These logic/ZFC/model theory arguments seem out of proportion to the task at hand. Let $k$ be a field and $A$ a finitely generated $k$-algebra over a field $k$. We want to prove that there is a $k$-algebra map from $A$ to a finite extension of $k$. Pick an algebraically closed extension field $k'/k$ (e.g., algebraic closure of a massive transcendental extension, or whatever), and we want to show that if the result is known in general over $k'$ then it holds over $k$. We just need some very basic commutative algebra, as follows.

Proof: We may replace $k$ with its algebraic closure $\overline{k}$ in $k'$ and $A$ with a quotient $\overline{A}$ of $A \otimes_k \overline{k}$ by a maximal ideal (since if the latter equals $\overline{k}$ then $A$ maps to an algebraic extension of $k$, with the image in a finite extension of $k$ since $A$ is finitely generated over $k$). All that matters is that now $k$ is perfect and infinite.

By the hypothesis over $k'$, there is a $k'$-algebra homomorphism $$A' := k' \otimes_k A \rightarrow k',$$ or equivalently a $k$-algebra homomorphism $A \rightarrow k'$. By expressing $k'$ as a direct limit of finitely generated extension fields of $k$ such an algebra homomorphism lands in such a field (since $A$ is finitely generated over $k$). That is, there is a finitely generated extension field $k'/k$ such that the above kind of map exists.

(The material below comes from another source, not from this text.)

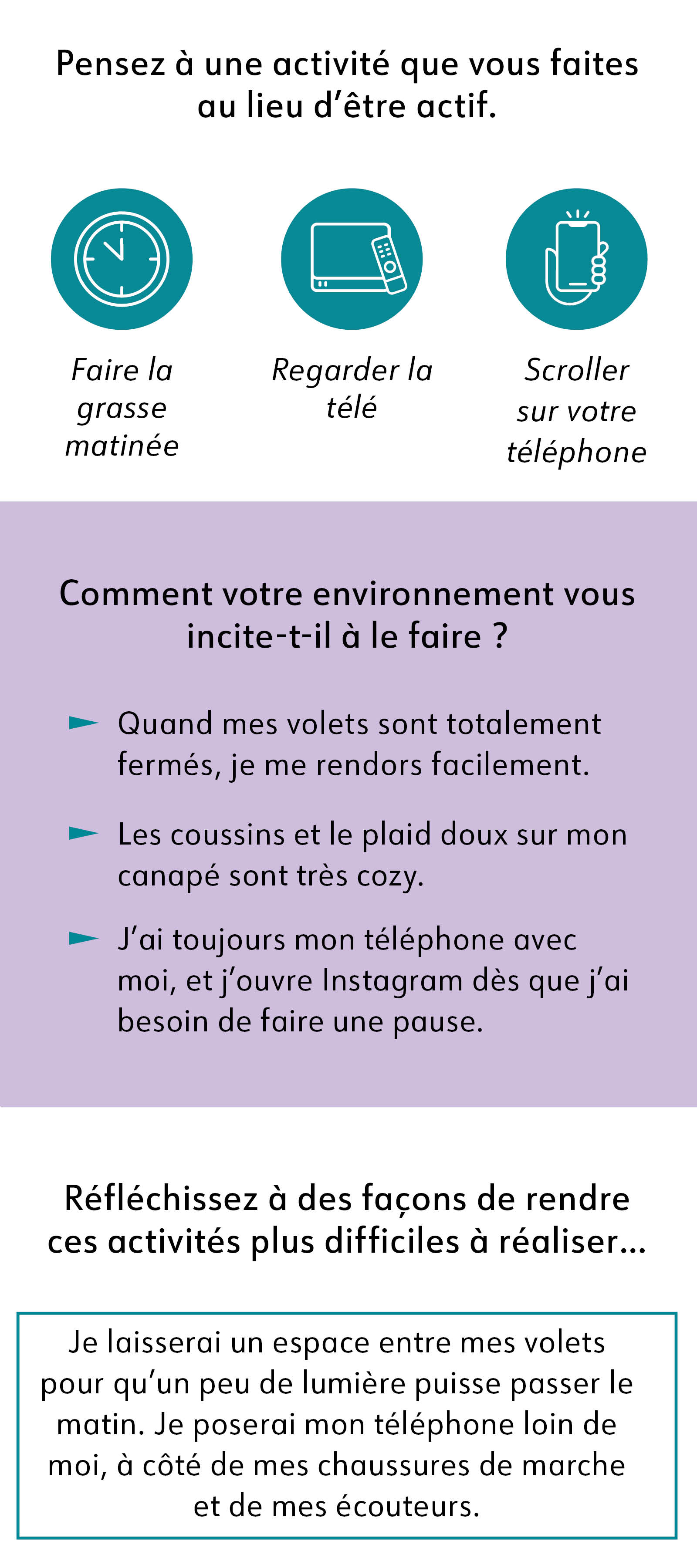 Est-ce que cela veut dire que vous ne devriez jamais dormir plus que prévu ou vous détendre devant la télé ? Bien sûr que non ! Voyez plutôt cette technique comme une façon d’interrompre vos envies de faire ce qui est le plus facile et de vous inciter à être plus actif !

Now since $k$ is perfect, there is a separating transcendence basis $x_1, \dots, x_n$, so $k' = K[t]/(f)$ for a rational function field $K/k$ (in several variables) and a monic (separable) $f \in K[t]$ with positive degree. Considering coefficients of $f$ in $K$ as rational functions over $k$, there is a localization $$R = k[x_1,\dots,x_n][1/h]$$ so that $f \in R[t]$. By expressing $k'$ as the limit of such $R$ we get such an $R$ so that there is a $k$-algebra map $$A \rightarrow R[t]/(f).$$ But $k$ is infinite, so there are many $c \in k^n$ such that $h(c) \ne 0$. Pass to the quotient by $x_i \mapsto c_i$. QED

I think the main point is twofold: (i) the principle of proving a result over a field by reduction to the case of an extension field with more properties (e.g., algebraically closed), and (ii) spreading out (descending through direct limits) and specialization are very useful for carrying out (i).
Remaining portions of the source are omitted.